Task
Take the lines in the listing below from the line with "Matrix Food For" up to and including the line with "갤럭시Z 플립5 크림" and set them down exactly, skipping pictures and adding nothing.

Input
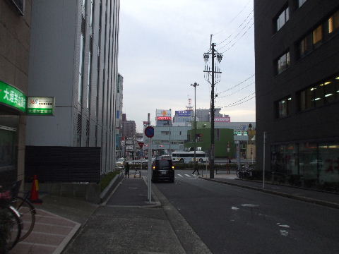 16:31市民会館前を過ぎ大津通の一筋西の道へ入ると先に出発 点の金山バスターミナルが見えてくる。 |
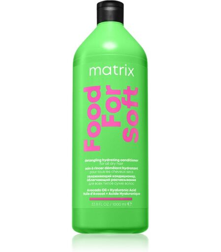 Matrix Food For Soft, 1000 ml, Hair Conditioners for Women, During hair washing, shampoo opens the external hair structure - the cuticle. That's why it's important to give your hair a treatment after washing to reseal the cuticle. And that's exactly what the conditioner from MatrixFood For Soft takes care of. In addition to closing the hair fibre, it ensures its nourishment, hydration and softness, without which beautiful, shiny and healthy hair cannot do without. It will protect the hair from mechanical damage and dryness, as well as smooth the surface and help soften it, which will make it easier to detangle and further styling. Characteristics: provides the necessary hydration strengthens the hair fibre ensures brilliant shine makes untangling and styling easier How to use: Apply after first washing with shampoo. Leave to act for a while, then rinse thoroughly. ...
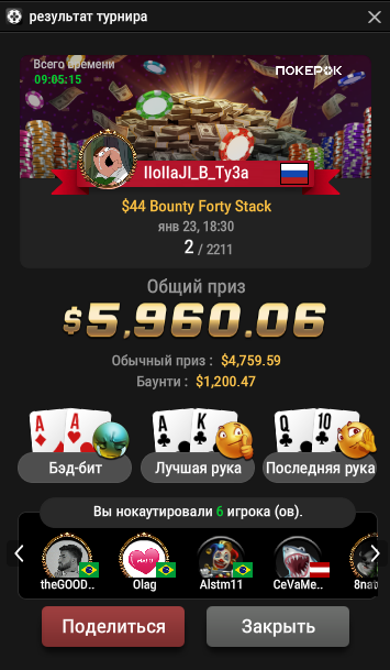 Как уже писал выше, я перешёл с игры день-вечер на игру в прайм-тайм. Играя прайм я понял, что МТТ покер это не просто марафон, а марафон в кубе. В итоге было принято решение перейти со своего ролла на фулл бекинг, т.к. мой ролл с большой долей вероятности мог бы не пережить игру в прайм. Да, теперь я отдаю практически половину от выигрыша, но зато чувствую себя абсолютно спокойно. Полностью вывел БР и знаю что есть средства для жизни на год вперед. Не переживаю по поводу истощения БРа, а в игре чувствую себя максимально раскрепощенно. Так что считаю это абсолютно верным решением.
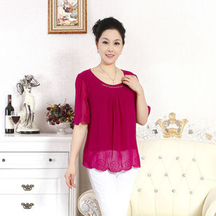 原創(chuàng)設計 新款夏季中老年女裝雪紡衫中年寬松大碼媽媽裝短袖 /
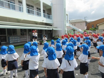 お誕生会の後は遊戯室でお楽しみ会です。今月の先生たちの出し物は音楽隊‼音楽に合わせてジャンボリーミッキーをみんなで踊りました。 | ||
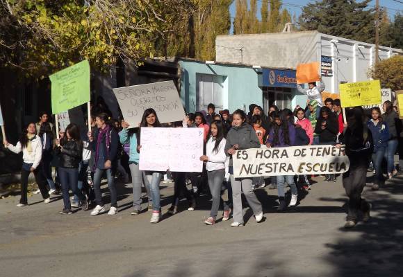 Ayer se cumplió la cuarta jornada sin clases en la Escuela Agrotécnica Cornelio Saavedra en Rodeo, Iglesia, pero con una particularidad. Los alumnos realizaron una marcha con carteles y pancartas para hacer oír sus reclamos. También repartieron panfletos sobre lo que piden.
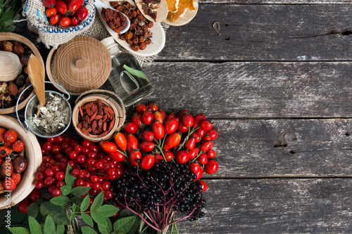 Medicinal plants and herbs composition: Dog rose, bunch branch Rosehips, types Rosa canina hips, essential oil. bunch, dried flowers of linden and chamomile elderberries and goji berries.
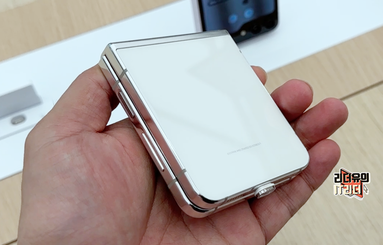 갤럭시Z 플립5 크림 후면은 약간은 베이지톤이 가미된 색상으로 얼핏 보면 화이트 색상 같아 보이기도 합니다. 글라스 처리된 반짝 거리는 디자인으로 화사한 디자인 매력이 좋습니다.
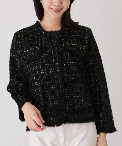 「華やかさ」と「温もり」を纏う。着るだけでリュクスなムードが漂うシャギーニットカーディガン。【デザイン・シルエット】・ノーカーラーのラウンドネックが、インナーの襟元やアクセサリーを際立たせ、顔周りをすっきりと見せる。・ツイード風のチェック柄の編み地に、シャギー糸を施し、温かみと立体感をプラス。・両胸のフラップと裾に施されたポケットは、フリンジで縁取られ、デザインの遊び心とトラッドなムードを演出。・シンプルなくるみボタンがフロントに並び、素材の風合いを最大限に引き立てる。・羽織りとしてもトップスとしても活躍。秋冬のイベントシーズンに欠かせない万能アイテム。【素材感】・シャギー糸を使用し、ふわふわとした肌触りのニット素材。・裏地なしで、レイヤードしやすく、ストレスフリーな着心地。【カラー】 02 クロ 12 シロ 48 サックス【スタイリングポイント】・Iラインスカートやテーパードパンツと合わせ、シックで知的な通勤スタイルに。・ボタンを全て留めてトップスとして着用し、ロング丈のプリーツスカートと合わせたレディライクな装い。・デニムの上に羽織りとして着用し、大人のこなれたミックススタイル。・フリルブラウスやタートルネックをインナーに重ね、ネックラインから覗かせた華やかなレイヤード。・足元はロングブーツやヒールパンプスを合わせ、クラシカルなムードを後押し。裏地:なし光沢感:なし透け感:なしポケット:あり伸縮性:あり生地の厚さ:普通ボタン:ありその他仕様:なし季節:春秋冬※撮影時の光、お使いのモニター環境によって色の見え方が違う場合がございます。予めご了承ください。モデル身長:172cm 着用サイズ:M
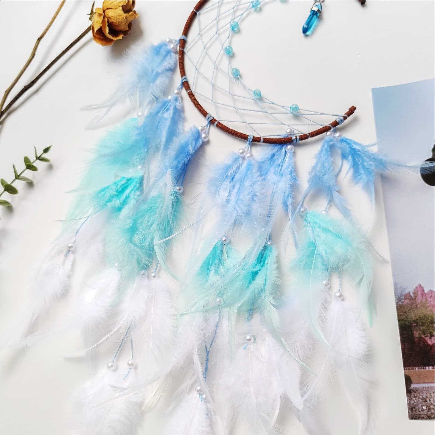 Scopri l'incantevole bellezza Ciondolo Olivenorma Luna Con Topazio Azzurro Acchiappasogni. Realizzato a mano con veri cristalli naturali, unisce l'energia rilassante della luna e le proprietà curative del topazio blu per un'atmosfera calmante e serena.
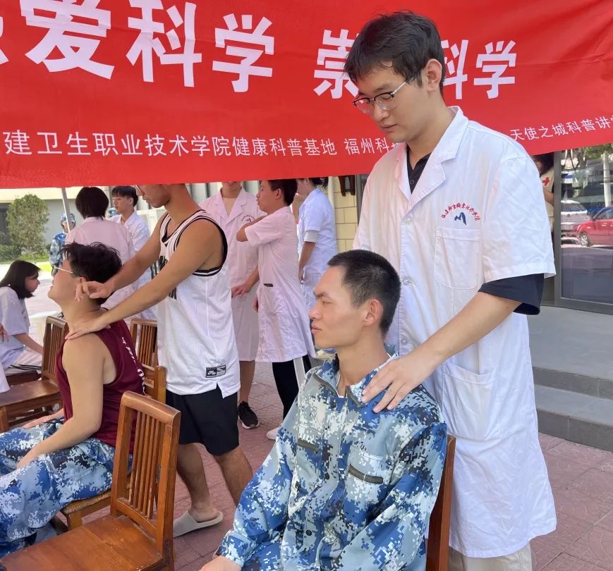 9月17日上午,福建衛(wèi)生職業(yè)技術(shù)學(xué)院20名志愿者在紅十字生命教育科學(xué)館門口開展了校內(nèi)義診活動(dòng)。

Reply to the task
 Matrix Food For Soft, 1000 ml, Hair Conditioners for Women, During hair washing, shampoo opens the external hair structure - the cuticle. That's why it's important to give your hair a treatment after washing to reseal the cuticle. And that's exactly what the conditioner from MatrixFood For Soft takes care of. In addition to closing the hair fibre, it ensures its nourishment, hydration and softness, without which beautiful, shiny and healthy hair cannot do without. It will protect the hair from mechanical damage and dryness, as well as smooth the surface and help soften it, which will make it easier to detangle and further styling. Characteristics: provides the necessary hydration strengthens the hair fibre ensures brilliant shine makes untangling and styling easier How to use: Apply after first washing with shampoo. Leave to act for a while, then rinse thoroughly. ...
 Как уже писал выше, я перешёл с игры день-вечер на игру в прайм-тайм. Играя прайм я понял, что МТТ покер это не просто марафон, а марафон в кубе. В итоге было принято решение перейти со своего ролла на фулл бекинг, т.к. мой ролл с большой долей вероятности мог бы не пережить игру в прайм. Да, теперь я отдаю практически половину от выигрыша, но зато чувствую себя абсолютно спокойно. Полностью вывел БР и знаю что есть средства для жизни на год вперед. Не переживаю по поводу истощения БРа, а в игре чувствую себя максимально раскрепощенно. Так что считаю это абсолютно верным решением.
 原創(chuàng)設計 新款夏季中老年女裝雪紡衫中年寬松大碼媽媽裝短袖 /
 お誕生会の後は遊戯室でお楽しみ会です。今月の先生たちの出し物は音楽隊‼音楽に合わせてジャンボリーミッキーをみんなで踊りました。 | ||
 Ayer se cumplió la cuarta jornada sin clases en la Escuela Agrotécnica Cornelio Saavedra en Rodeo, Iglesia, pero con una particularidad. Los alumnos realizaron una marcha con carteles y pancartas para hacer oír sus reclamos. También repartieron panfletos sobre lo que piden.
 Medicinal plants and herbs composition: Dog rose, bunch branch Rosehips, types Rosa canina hips, essential oil. bunch, dried flowers of linden and chamomile elderberries and goji berries.
 갤럭시Z 플립5 크림 후면은 약간은 베이지톤이 가미된 색상으로 얼핏 보면 화이트 색상 같아 보이기도 합니다. 글라스 처리된 반짝 거리는 디자인으로 화사한 디자인 매력이 좋습니다.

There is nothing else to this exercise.